こんな風に戦いが楽しめるようになったのは……無鬼の言った考え方で言えば、ソルマのおかげかもな。
「2人とも、準備は出来ているようじゃな? それでは……始めるのじゃっ!」
無鬼の開始の合図で、ソルマが一気に走り出す。
対する俺は2本の剣を構え、どんな動きをしてくるのか見極める為に待った。
「左手に剣……右手の義手に何も持っていない……?」
確かソルマは右利きで、右手に剣と左手に盾を持つ基本的な構えだった筈。
さっきの動きの確認からして、義手はそこまで悪い物じゃない。
むしろ逆に高性能だからこそ、右手を自由にしているのか……?
「受けてみろっ!」
「おっとっ!」
目の前に来たソルマの最初の一撃は、義手による強烈な右拳だった。
両手の剣を交差させ、刀身でソルマの拳を防ぐ。
しっかり踏ん張っていたというのに、少しだけ後ろに押されてしまった。
「この程度か、君の防御を崩す自信があったのだが」
「いやいや、俺を少し押し下げるだけで充分だろ……?」
一応俺はダンジョンマスター数匹分の強さを凝縮した、とんでもない能力値の塊の筈。
まあその割には戦いで、ボロボロになる事も多いけど……
今度は俺から前に出て、両手の剣を駆使して舞う様に斬りかかる。
「やはり、一撃一撃が……重いっ! ギリギリで逸らすのが、精一杯だ……くぅっ!?」
「本当に凄いよ、あの決闘の時とは比べ物にならない。だからもう少し、強く行く……!」
ソルマの強さに尊敬し、俺は剣を振るう速度を上げて込める力を増やしていった。
更に今では剣だけで攻撃していたが、蹴りや拳を交えていく。
それでもソルマは防ぎ、受け流し、的確に凌ぎ続けていた。
「くっ、【剣技】七宝斬っ!」
「じゃあこっちもだっ!」
止まらない連撃の隙を突き、ソルマが円と星の煌めきを描く派生技で打破しようとしてくる。

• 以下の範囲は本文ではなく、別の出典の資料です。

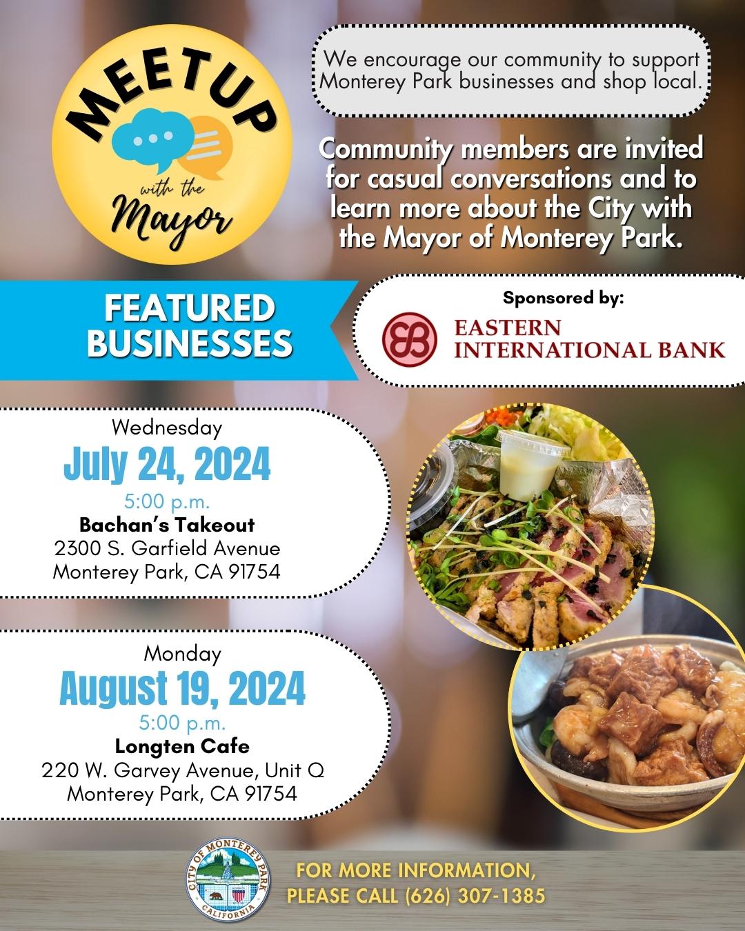 Community members are invited for casual conversations and to learn more about the City with the Mayor of Monterey Park.

だが俺はメシアの【宣言破棄】を借りて、同じく円と星の煌めきを描いて全て相殺した。
同じ派生技ならば、後はお互いの能力値勝負になってしまう。
結果として俺が押し勝ち、ソルマは体勢を崩した。
「これが私の奥の手だっ!」
「なっ!?」
ソルマが右拳を何とか俺に向けると、義手が勢いよく撃ち出される。
その予想外の奥の手に思わず固まりかけるが、背骨を折るように上体を無理矢理逸らして躱した。
その一瞬はソルマが体勢を立て直すのに充分だったようで、既に左手の剣を振りかぶっている。
「刃よ、届けっ!」
ソルマの剣が、体を起こした俺の頭に迫っていた。
【爪技】の火焔爪で迎撃も間に合いそうにない、だったら!
「っ!」
「歯だとっ!? なっ!?」
ソルマの刀身を噛んで受け止め、そのまま首を振って投げ飛ばす。
地面に倒れるソルマに両手の剣を投げつけ、左腕の袖と右足のズボンの裾を地面に縫い付けて動けないように固定した。
トドメに獣王爪斬で巨大な獣の腕を作り上げ、ソルマの喉元に突き付ける。
「ソルマも強くなっていたけど、俺もまだまだ強くなっている。上には上が居るって、あの魔王が体に叩き込んできたからな」
「フッ、それがローブらしいよ。そんな君だからこそ彼女達は支えてくれるのだろうし、私もこうして変わる事が出来た」
ソルマの拘束を解き、手を貸して助け起こした。
意外な驚きがあって、シーリアスとの模擬戦とは違う楽しさがある。
また、模擬戦出来ると良いな。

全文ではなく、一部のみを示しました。